++++ Records for processing ++++

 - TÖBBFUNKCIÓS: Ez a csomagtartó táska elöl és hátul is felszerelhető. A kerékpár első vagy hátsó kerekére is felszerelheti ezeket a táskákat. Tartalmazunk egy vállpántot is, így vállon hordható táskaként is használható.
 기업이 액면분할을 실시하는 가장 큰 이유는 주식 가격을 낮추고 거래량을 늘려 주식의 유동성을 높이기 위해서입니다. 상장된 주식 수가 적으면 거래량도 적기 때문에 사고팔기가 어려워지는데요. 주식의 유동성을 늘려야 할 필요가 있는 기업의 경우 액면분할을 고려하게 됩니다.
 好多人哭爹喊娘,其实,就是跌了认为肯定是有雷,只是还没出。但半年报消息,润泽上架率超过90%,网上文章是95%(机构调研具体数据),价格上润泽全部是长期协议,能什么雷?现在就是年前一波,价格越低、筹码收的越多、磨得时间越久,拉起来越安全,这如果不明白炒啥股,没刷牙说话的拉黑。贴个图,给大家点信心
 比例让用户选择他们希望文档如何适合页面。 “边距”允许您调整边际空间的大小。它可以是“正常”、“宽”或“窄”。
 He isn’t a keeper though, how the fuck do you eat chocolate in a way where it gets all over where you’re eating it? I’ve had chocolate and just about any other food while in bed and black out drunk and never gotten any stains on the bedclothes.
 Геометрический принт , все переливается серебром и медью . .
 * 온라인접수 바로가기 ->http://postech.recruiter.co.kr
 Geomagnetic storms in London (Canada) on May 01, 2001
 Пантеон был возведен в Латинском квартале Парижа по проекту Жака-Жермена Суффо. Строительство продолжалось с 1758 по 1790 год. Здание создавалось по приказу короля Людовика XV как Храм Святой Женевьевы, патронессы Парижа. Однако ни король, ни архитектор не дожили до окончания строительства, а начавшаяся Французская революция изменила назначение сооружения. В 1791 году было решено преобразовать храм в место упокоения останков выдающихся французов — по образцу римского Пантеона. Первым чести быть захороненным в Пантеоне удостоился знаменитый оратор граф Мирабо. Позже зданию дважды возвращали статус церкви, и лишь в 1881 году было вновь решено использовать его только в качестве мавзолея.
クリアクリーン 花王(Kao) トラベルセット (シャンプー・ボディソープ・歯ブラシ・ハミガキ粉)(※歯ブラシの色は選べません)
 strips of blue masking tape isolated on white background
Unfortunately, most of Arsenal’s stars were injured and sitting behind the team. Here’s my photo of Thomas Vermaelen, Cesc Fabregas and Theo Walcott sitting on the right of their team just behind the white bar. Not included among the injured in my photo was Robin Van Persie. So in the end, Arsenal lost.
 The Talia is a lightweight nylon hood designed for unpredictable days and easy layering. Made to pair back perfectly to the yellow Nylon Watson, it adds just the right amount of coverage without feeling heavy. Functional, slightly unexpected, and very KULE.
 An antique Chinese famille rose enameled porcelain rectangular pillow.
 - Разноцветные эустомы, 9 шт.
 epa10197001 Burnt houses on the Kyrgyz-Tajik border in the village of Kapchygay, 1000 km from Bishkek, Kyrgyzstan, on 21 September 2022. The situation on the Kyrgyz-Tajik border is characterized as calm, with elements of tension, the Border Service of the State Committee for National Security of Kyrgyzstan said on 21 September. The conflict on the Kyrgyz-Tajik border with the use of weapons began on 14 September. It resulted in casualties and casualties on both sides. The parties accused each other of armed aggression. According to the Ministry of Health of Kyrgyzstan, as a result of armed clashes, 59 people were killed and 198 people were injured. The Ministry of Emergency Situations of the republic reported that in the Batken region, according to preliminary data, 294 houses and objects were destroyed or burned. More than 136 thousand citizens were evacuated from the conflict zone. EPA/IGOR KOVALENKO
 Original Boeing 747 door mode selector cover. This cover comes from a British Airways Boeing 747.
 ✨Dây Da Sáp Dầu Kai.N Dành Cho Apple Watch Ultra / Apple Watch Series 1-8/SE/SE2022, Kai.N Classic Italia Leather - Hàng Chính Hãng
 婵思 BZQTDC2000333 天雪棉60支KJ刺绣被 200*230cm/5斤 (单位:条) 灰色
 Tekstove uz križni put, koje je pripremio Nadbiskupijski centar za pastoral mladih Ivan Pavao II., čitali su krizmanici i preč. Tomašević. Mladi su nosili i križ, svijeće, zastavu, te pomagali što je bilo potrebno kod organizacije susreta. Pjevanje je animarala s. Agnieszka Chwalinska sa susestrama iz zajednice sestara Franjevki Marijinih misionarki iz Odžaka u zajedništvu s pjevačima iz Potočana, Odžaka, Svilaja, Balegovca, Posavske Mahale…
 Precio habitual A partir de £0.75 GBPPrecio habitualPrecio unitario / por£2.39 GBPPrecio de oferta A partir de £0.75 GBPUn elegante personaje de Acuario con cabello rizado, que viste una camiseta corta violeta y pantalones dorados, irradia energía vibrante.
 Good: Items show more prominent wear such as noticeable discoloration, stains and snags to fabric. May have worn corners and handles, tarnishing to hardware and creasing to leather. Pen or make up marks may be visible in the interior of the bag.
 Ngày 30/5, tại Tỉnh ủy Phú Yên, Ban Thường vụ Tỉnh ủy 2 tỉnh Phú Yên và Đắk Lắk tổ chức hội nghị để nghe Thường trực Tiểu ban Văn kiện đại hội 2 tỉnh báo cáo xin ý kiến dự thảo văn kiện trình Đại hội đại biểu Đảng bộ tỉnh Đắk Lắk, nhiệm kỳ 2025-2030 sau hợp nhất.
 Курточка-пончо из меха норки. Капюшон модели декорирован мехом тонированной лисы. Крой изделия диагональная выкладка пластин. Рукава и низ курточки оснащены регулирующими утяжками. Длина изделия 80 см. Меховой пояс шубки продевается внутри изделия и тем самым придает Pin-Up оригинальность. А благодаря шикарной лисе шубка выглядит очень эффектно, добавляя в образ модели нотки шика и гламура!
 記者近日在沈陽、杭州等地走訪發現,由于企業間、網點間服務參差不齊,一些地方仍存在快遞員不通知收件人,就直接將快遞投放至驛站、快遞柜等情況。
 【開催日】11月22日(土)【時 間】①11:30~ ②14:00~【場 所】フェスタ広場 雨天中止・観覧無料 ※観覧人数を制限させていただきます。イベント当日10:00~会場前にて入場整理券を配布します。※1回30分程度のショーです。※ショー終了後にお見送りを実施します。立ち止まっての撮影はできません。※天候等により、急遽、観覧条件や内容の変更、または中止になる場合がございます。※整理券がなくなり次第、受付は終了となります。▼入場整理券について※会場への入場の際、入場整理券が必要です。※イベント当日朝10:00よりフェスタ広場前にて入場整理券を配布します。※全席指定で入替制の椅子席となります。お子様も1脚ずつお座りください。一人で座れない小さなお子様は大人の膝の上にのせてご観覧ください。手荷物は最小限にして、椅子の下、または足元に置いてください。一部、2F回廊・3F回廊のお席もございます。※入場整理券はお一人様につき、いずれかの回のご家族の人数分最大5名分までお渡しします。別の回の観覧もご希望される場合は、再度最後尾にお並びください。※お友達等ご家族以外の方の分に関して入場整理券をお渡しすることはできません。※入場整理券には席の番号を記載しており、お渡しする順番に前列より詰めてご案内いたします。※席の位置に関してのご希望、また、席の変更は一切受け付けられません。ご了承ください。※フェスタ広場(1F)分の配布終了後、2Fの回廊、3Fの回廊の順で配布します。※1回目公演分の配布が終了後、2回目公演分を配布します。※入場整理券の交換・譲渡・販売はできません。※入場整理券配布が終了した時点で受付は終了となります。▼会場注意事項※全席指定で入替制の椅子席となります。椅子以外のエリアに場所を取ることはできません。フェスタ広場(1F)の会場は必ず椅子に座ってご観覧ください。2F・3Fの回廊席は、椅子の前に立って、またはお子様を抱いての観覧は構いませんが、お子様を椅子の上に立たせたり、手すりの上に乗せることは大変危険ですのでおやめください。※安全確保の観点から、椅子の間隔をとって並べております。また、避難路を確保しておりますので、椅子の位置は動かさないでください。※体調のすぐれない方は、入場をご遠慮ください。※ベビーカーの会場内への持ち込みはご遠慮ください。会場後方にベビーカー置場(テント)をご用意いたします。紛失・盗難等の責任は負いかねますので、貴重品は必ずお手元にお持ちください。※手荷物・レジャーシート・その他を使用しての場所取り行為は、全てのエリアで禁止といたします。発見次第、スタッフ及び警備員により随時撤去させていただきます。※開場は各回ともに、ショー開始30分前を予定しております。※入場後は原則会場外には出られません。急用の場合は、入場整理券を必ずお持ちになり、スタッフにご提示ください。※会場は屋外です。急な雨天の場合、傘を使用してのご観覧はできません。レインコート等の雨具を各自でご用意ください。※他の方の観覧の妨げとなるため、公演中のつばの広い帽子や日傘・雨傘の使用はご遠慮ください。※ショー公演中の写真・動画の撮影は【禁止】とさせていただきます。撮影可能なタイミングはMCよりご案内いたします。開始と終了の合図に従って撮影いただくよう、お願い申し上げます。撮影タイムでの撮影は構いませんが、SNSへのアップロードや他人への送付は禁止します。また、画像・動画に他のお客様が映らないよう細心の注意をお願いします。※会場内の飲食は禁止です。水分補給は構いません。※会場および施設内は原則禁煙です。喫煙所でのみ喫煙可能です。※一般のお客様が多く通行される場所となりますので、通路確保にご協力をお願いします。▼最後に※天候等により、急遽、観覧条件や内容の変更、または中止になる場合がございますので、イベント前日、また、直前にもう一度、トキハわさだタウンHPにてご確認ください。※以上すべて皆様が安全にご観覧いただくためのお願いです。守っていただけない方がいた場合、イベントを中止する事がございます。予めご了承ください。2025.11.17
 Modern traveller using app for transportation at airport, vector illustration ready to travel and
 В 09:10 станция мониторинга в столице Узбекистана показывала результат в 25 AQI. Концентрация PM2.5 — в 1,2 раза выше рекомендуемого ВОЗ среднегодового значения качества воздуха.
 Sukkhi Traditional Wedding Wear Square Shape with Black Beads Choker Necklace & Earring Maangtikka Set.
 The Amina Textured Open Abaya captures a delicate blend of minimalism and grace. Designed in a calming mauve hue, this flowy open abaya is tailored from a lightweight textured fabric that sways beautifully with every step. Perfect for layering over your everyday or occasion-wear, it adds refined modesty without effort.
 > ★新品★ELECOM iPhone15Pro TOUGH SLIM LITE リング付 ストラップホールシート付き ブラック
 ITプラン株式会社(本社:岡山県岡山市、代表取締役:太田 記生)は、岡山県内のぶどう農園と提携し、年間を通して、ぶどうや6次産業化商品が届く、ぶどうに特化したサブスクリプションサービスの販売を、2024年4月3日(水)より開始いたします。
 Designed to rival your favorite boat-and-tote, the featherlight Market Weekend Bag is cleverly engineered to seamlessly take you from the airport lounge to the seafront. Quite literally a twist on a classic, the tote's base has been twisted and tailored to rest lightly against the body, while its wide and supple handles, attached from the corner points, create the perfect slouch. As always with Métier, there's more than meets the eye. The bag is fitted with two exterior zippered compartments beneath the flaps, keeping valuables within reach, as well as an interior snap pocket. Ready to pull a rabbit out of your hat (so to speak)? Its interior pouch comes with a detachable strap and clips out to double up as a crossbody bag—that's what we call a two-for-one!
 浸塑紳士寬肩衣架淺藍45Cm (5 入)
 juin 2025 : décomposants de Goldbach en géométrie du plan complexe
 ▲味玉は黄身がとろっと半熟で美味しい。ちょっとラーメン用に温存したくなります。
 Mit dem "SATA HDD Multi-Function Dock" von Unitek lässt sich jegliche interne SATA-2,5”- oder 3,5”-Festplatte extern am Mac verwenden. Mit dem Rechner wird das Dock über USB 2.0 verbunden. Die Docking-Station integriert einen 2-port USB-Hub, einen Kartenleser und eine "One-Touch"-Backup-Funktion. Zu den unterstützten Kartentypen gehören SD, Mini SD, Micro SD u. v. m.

++++

__Task__
Every line above that includes the string "white" needs to be copied.

__Response to the exercise__
 strips of blue masking tape isolated on white background
Unfortunately, most of Arsenal’s stars were injured and sitting behind the team. Here’s my photo of Thomas Vermaelen, Cesc Fabregas and Theo Walcott sitting on the right of their team just behind the white bar. Not included among the injured in my photo was Robin Van Persie. So in the end, Arsenal lost.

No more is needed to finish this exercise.